Upon death of an IRA account owner, distributions to non-spouse individual beneficiaries must now be made within 10 years. The current rules that allowed a non-spouse IRA beneficiary to “stretch” required minimum distributions (RMDs) from an inherited account over their own lifetime (and potentially allow the funds to grow tax-free for decades) has been eliminated. The rule applies to inherited funds in a 401(k) account or other defined contribution plan as well.
For those who wish to see their excess retirement assets get passed along, worry not. There are other strategies that can imitate the power of the stretch IRA in carrying wealth forward to the next generation.
The Roth IRA
The tax advantages of the Roth IRA are well documented. Roth IRAs are funded with after-tax money and remain tax free through their growth period and withdrawal after age 59½. The tax free status of Roth assets is what makes them an attractive vehicle for passing wealth to ‘not designated beneficiaries’. Even though the newly minted 10-year limit applies to traditional and Roth IRAs alike, beneficiaries of a Roth IRA will not have to pay taxes as they make withdrawals over those 10 years. By passing a Roth to an heir, you are footing the tax bill they would have been responsible for had they instead received a traditional IRA. To compound this, quite literally, the beneficiary can allow these Roth assets to continue growing tax free for the entire 10-year time span and make one lump-sum withdrawal in the final year.
Now more than ever, Roth conversions should be seriously considered. Current tax rates are both historically low and are unlikely to go lower upon expiration, so it is a good time to take advantage of the opportunity. It is important to note that Roth conversions contribute to your annual taxable income, and they should be carefully planned out so as to avoid bumping up to the next tax bracket.
Life insurance is another option that will provide significant funding to an heir while decreasing their tax burden.
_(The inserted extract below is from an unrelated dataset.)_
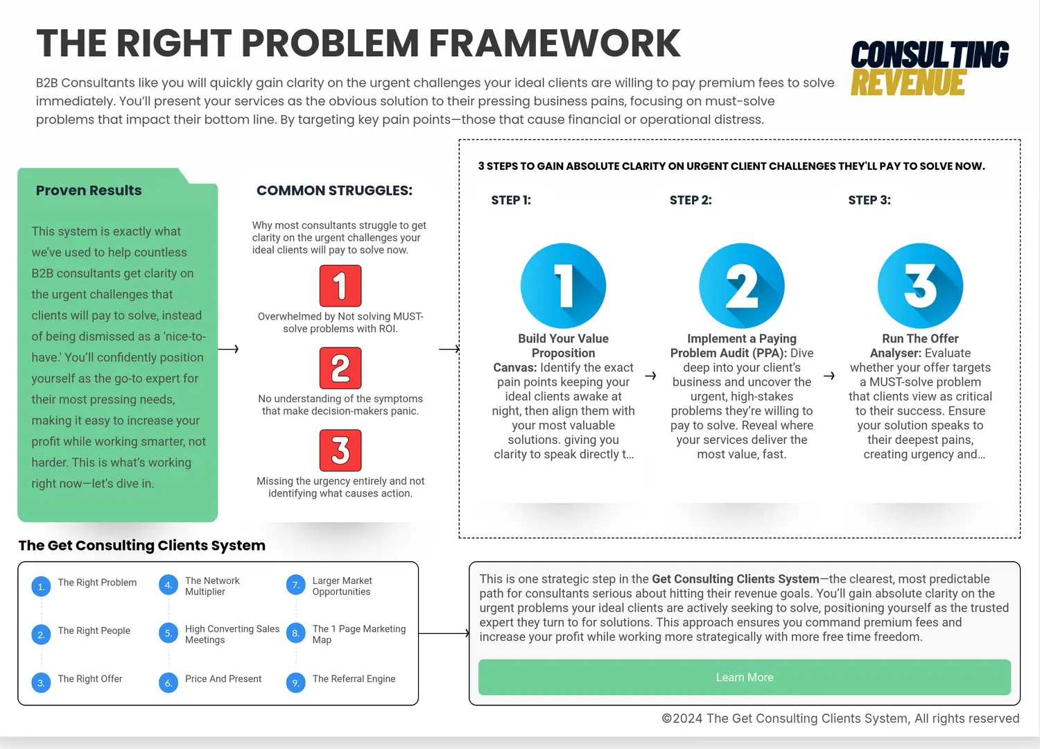 This is what my 'Get Consulting Clients' system is built to do. It’s not about working harder or grinding yourself into the ground—it’s about working smarter by focusing on the strategic actions that actually get results.

Proceeds from life insurance are not included in gross income and thus do not get taxed. For those who do not need their RMDs to sustain themselves, this money could be repurposed to pay for life insurance premiums. The problem with a life insurance-based strategy when compared to the old stretch IRA strategy is the accompanying price tag. Life insurance premiums will greatly increase as you age, so this may not be a worthwhile strategy if well priced premiums are out of the picture.
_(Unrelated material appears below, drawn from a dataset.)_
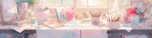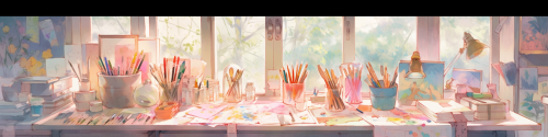 an artsy painted banner in fun pastel colors, with an open blank sketchbook displayed, books stacked on the table, and paintbrushes and colored pencils, an artist's studio, magical, i can't believe how beautiful this is --niji 5 --ar 4:1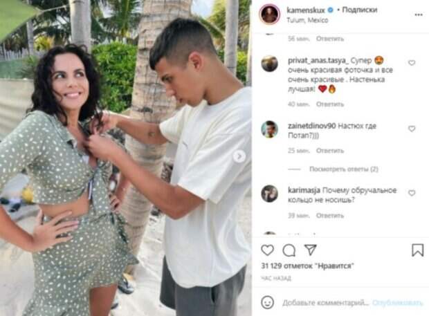 На кадрах, которые представили сами поклонники, можно заметить, как артистка хорошо проводит время на яхте. Весело задрав руку вверх и выставив одну ногу вперед, звезда позировала в коротеньком простом платье, подчеркивающем ее фигуру. Не так давно в сети в очередной раз появились слухи, о беременности Насти, которую она так тщательно скрывает. Тем не менее, певица такие сплетни никак не комментирует и продолжает показывать фигуру. Причем делает это артистка с осторожностью, чтобы даже не показалось, будто она поправилась. До этого Настя решила показать закулисье съемочного процесса. Впрочем, поведение юного мексиканца, засветившегося с ней на кадрах, заинтересовало фанатов больше всего. Молодой человек что-то увлеченно цеплял Насте на воротник, положив руки практически ей на бюст. "Где кольцо?

Reconsider Primary Beneficiaries
The danger of the 10-year limit on inherited IRAs lies in the increased income tax the beneficiary will produce as a result of taking required distribution. The distributions are unlike normal RMDs in that they are not required annually; rather, the distributions can be taken freely as desired as long as the account is fully depleted by the time the 10-year limit is up. This opens up an aspect of financial planning where the beneficiary is allowed to fully cash out the IRA in a lump sum at any point of the 10-year time frame, or they could strategically make smaller annual withdrawals to limit how much income tax will be applied to those assets.
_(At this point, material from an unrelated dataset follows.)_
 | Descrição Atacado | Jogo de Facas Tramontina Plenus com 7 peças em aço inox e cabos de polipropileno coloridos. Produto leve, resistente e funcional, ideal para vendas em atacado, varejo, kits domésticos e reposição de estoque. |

Adding primary beneficiaries to your IRA strategy can possibly further limit the IRS’s ability to dip into your savings. As an example, let us assume you have 3 primary beneficiaries: your wife and two kids. When your wife receives her third of the IRA she will not be subject to the 10-year limit. The two kids will be able to spread out their distributions from their respective portions of the inheritance, lowering income tax. After the wife’s passing, the kids will inherit her IRA assets and they will be able to spread those assets out over 10 years as well, again limiting the income tax. This gives the heirs up to 20 years to fully divide those assets into smaller distributions and potentially lowering their income tax bracket
The stretch IRA was a valuable estate planning tool that will be sorely missed, but it is not without alternatives. Although none of these replacement strategies carry quite the same flexibility and value, they are still worth considering if you are looking to efficiently pass wealth to the next generation. As the SECURE Act’s rules are more thoroughly studied and understood, new strategies for achieving your individual goals will likely be designed and implemented.